Posted on 10/23/2004 9:26:01 PM PDT by neverdem

PLAINFIELD, N.J., Oct. 18 - Oscar Romero-Figueroa's right arm now hangs limp with paralysis - a constant reminder of the attackers who beat him with a baseball bat in June, a few feet from the apartment he shares with six relatives in North Plainfield.

Victor DeLeon suffered head wounds and a broken arm, which kept him out of work for a month, after he was beaten that same month in neighboring Plainfield while walking home from a local bar.

And Samuel Aguillar Jimenez was killed. His body was discovered in a Plainfield cemetery on May 17 with a fatal gash to the head.

They are among at least 17 Hispanic men who the local police suspect were severely beaten by young black men - and in the one case, killed - in and around Plainfield during the spring and summer. Whether the attacks were motivated by racial or ethnic hatred remains an open question, though black leaders say they do not believe bias has been the root. Only one suspect has been charged with a bias crime, and there is no consensus among the police about whether the men were attacked because of their ethnicity or the cash in their pockets.

But the string of attacks, first brought to public attention in June by a Hispanic advocate, have put a spotlight on longstanding tensions between blacks and Hispanics in the area. In local bars where Hispanic immigrants gather, they complain that blacks are jealous of their economic success and are out to get them. In the African-American community, there is grumbling that Hispanics are "taking over" - that they speak only Spanish and that Hispanic businesses rarely hire blacks.

"The attacks showed the separation between the two communities," said Ray Blanco, a Cuban immigrant who arrived 26 years ago and is expected to be elected as Plainfield's first Hispanic councilman in November. "Hispanics were in one corner and the rest were in another."
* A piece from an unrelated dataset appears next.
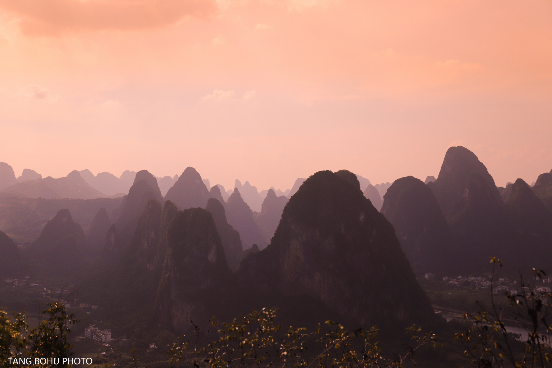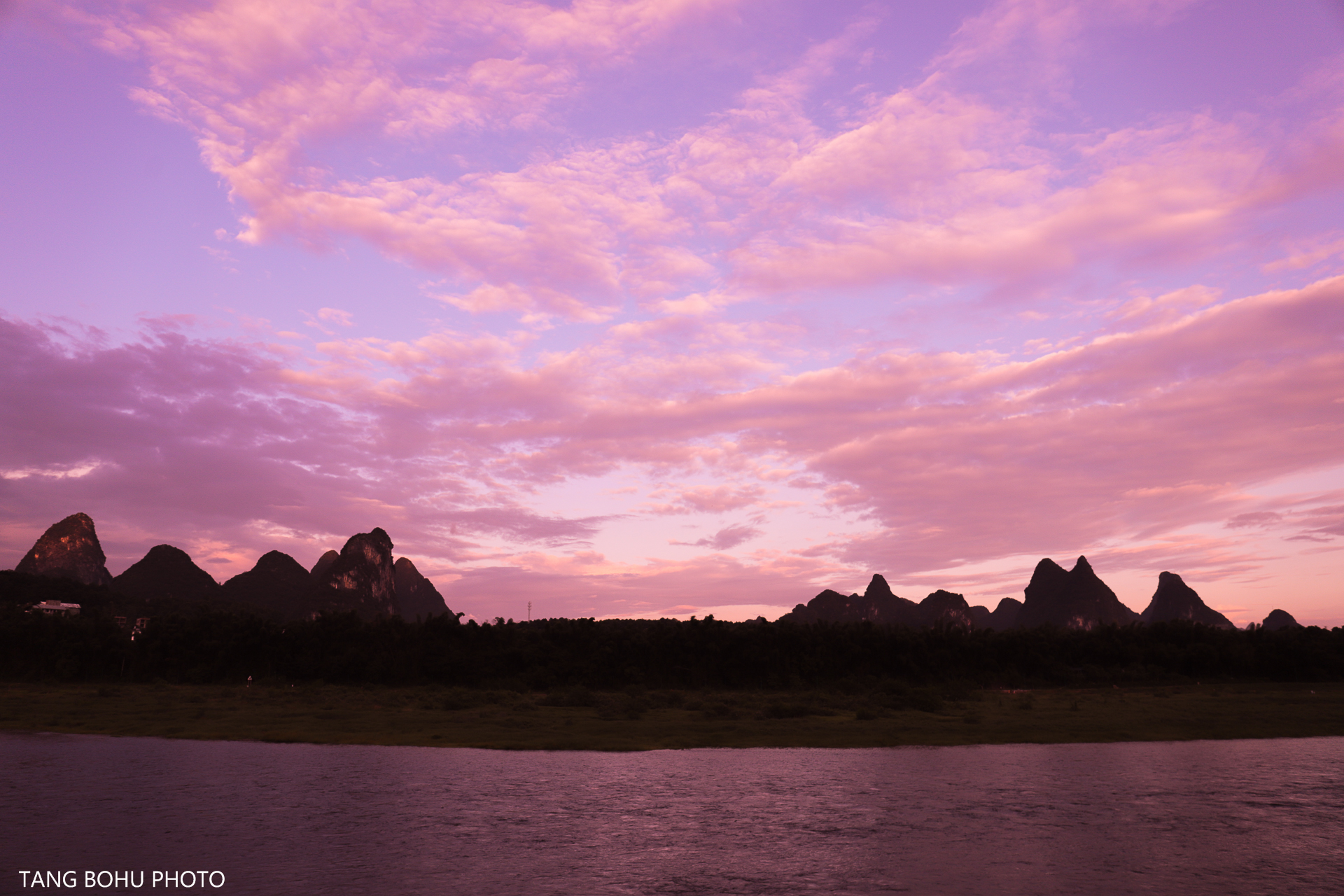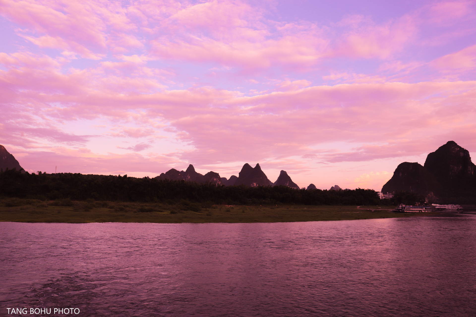 在漓江岸边遇见最美粉红色晚霞沿岸的风光是连绵不绝的山水画。人行其中,是喜悦,是欢欣,接踵而来的是流连忘返!有山,有水,山可作肴,水可作酒,能品尝一番如此美味,此生无憾!山亦为眉黛,水亦为胭脂,能闻一番如此清香,真可谓神清气爽,好景怡人。那么人呢,除了感觉到自己已是世外仙人之外,恐怕也只能感觉到次之的飘飘欲仙了。美丽的仙境近在咫尺,却总是若隐若现,难以留住变幻无常的身影。 漓江 的美,美在一年四季中,美在一江两岸里;她没有淡季旺季之分,没有白天黑夜之分。 漓江 多滩、多弯,一滩一色,一弯一景,源源不断地给人惊奇、给人兴奋,直到你美的疲劳。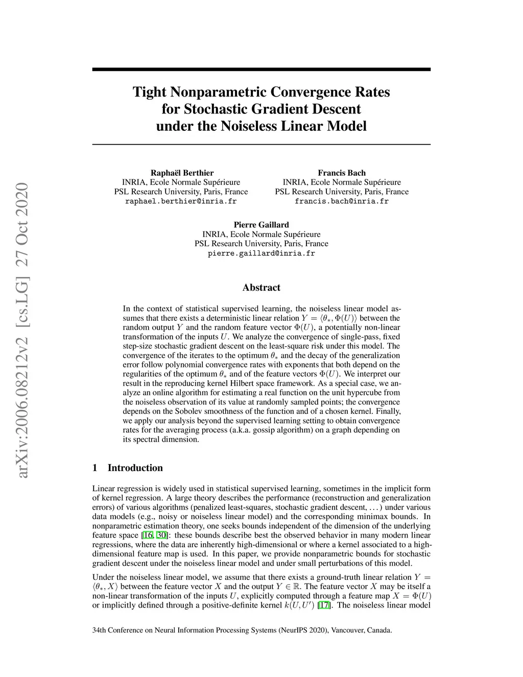 In the context of statistical supervised learning, the noiseless linear model assumes that there exists a deterministic linear relation between the random output and the random feature vector , a potentially non-linear transformation of the inputs . We analyze the convergence of single-pass, fixed step-size stochastic gradient descent on the least-square risk under this model. The convergence of the iterates to the optimum and the decay of the generalization error follow polynomial convergence rates with exponents that both depend on the regularities of the optimum and of the feature vectors . We interpret our result in the reproducing kernel Hilbert space framework. As a special case, we analyze an online algorithm for estimating a real function on the unit interval from the noiseless observation of its value at randomly sampled points; the convergence depends on the Sobolev smoothness of the function and of a chosen kernel. Finally, we apply our analysis beyond the supervised learning setting to obtain convergence rates for the averaging process (a.k.a. gossip algorithm) on a graph depending on its spectral dimension.

Plainfield, a city of about 50,000 people at the western edge of Union County, has faced racial problems before. The city's grand mansions were split into apartments during World War II to house local factory workers, and Southern blacks poured into Plainfield soon after that, competing with whites for housing and jobs. In 1967, several days of race riots broke out after a white police officer refused to intervene in an assault among black youths. White residents began moving out, and before long, Plainfield was an African-American enclave with a downtown of mostly empty storefronts.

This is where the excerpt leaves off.